Maybe I need to go back to the bush?

Some of the changes I've noticed since being back in my Shire...
1) I don't have to switch gears when I drive.  My car does it automatically.
2) Other drivers follow the rules here!  And pedestrians do too!
3) I don't have to calculate different exchange rates in my head when I purchase something.
4) I personally have to fill up my gas tanks in my car at the station again.  Boo.
5) My tan lines are fading.  I keep myself in long-sleeves and pants, because...
6) It is freezing here.  Ok, not freezing, but I am seriously cold all the time.
7) Water with ice is too cold.
8) I have not seen one goat or sheep or cow since being home.
9) I don't have to wash ziploc baggies and reuse them.
10) Life is easy here.  I refer to daily routines, like going to the restroom.  In Sudan, it takes watchful eyes to avoid thorns and keep an eye out for snakes.  Then, I need to be sure and kill the mango flies that are resting on the toilet seat, and then I can carry out my business.  Here, I walk five feet, and go!

What have I been doing since I've been back?

These were the signs that people held when they greeted at the airport.  Thank you everyone from my family, friends, and church who showed up!  It was wonderfully overwhelming to be welcomed like that.
 My brother, Colin, and his fiancee, Sarah, came to El Paso to welcome me home!  We got to celebrate Sarah's birthday at Billy Crews restaurant.
 My parents
Me and my sister, Char

I went to Houston for a visit!
 Having Thai tea with Melissa, a best friend from high school, and one of her friends
 I went to an old bookstore...a house filled top to bottom with books!  A dream come true  :)
The visit to Houston also included a visit to Beaumont to see family!  I celebrated my 25th birthday with them!  Here's my aunt, Colleen, and cousin, Emma.  Colleen made that sign for me...it's beautiful! Thanks, Neena!
 Soon to be sister-in-law Sarah made me this cheesecake!!!  Thank you!

 Emma, all grown-up and gorgeous!
My grandparents, Bobber and Gigi, were such awesome hosts.  They made my birthday great.

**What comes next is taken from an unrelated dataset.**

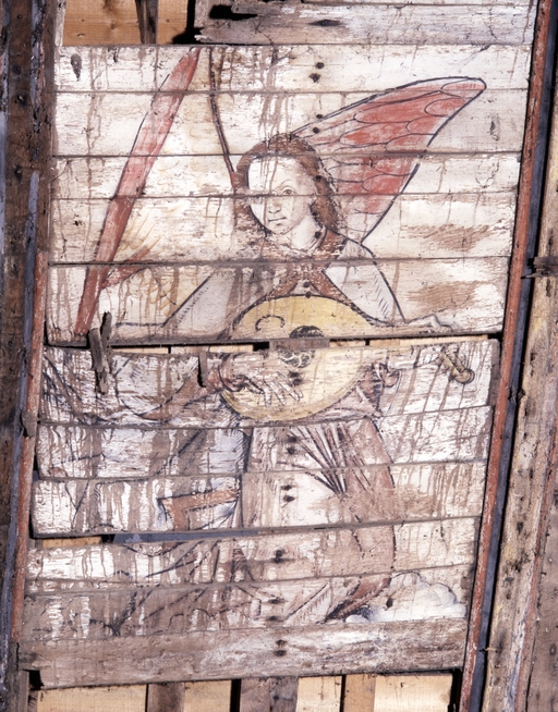 Peintures (8) : vie de sainte Catherine, anges, saint Pierre, saint Jean, chapelle Notre-Dame-de-Carmes (Neulliac),

We had Missions Weekend at my church in El Paso.  This is how much money was raised for missions!!!!!  Praise the Lord.

I've also done some shopping since I left all my Sudan clothes in Sudan.  
I feel pretty and like a girl again!  Here are a few pictures of Easter with my family:

 Christian, my other brother, came home!

People have asked if I am adjusted to life in the states yet.  My answer?  No.  It's going to take a while. I'm still processing a lot of things and also trying to figure out how to live here after spending two years in Toposaland.  Also, lots of praying and waiting on God to see where He'll take me next.  Life here is good, though, and I am where I am supposed to be for now.
"But thanks be to God, who always leads us..."  2 Corinthians 2:14 

Tuesday, February 19, 2013

detour.

On the way back to America, I took a little detour to visit a dear friend from college, Sarah, and her husband, Alessandro, in Milan, Italy.

I flew in over the Alps, all snowy and glorious!
A very, very early morning train ride to Tuscany where Ale's family lives
 Driving around Pistoia

And then off to Siena, my favorite town in Italy, where Ale and Sarah picked out photos for their wedding album and I meandered around and took pics.  





Pistoia on a lovely Sunday morning



Then, our train back to Milan was delayed two hours, so we hopped on an earlier one.  We barely got seats in the aisle, where Sarah thought it smelled terrible.  I guess the toilet breeze flows more in the aisles than in the booths!

We got back late that night, and the next few days I spent wandering around in the city of Milan.  Here's the Duomo.  Makes me think of drizzle castles in the sand!




I just love old castles, crumbling walls, and plants growing in rubble!

It was a splendid detour over to Milan, and I am so glad that I got to spend time with the Martinis!  Thank you again, Ale and Sarah, for letting me jump into your world for a few days!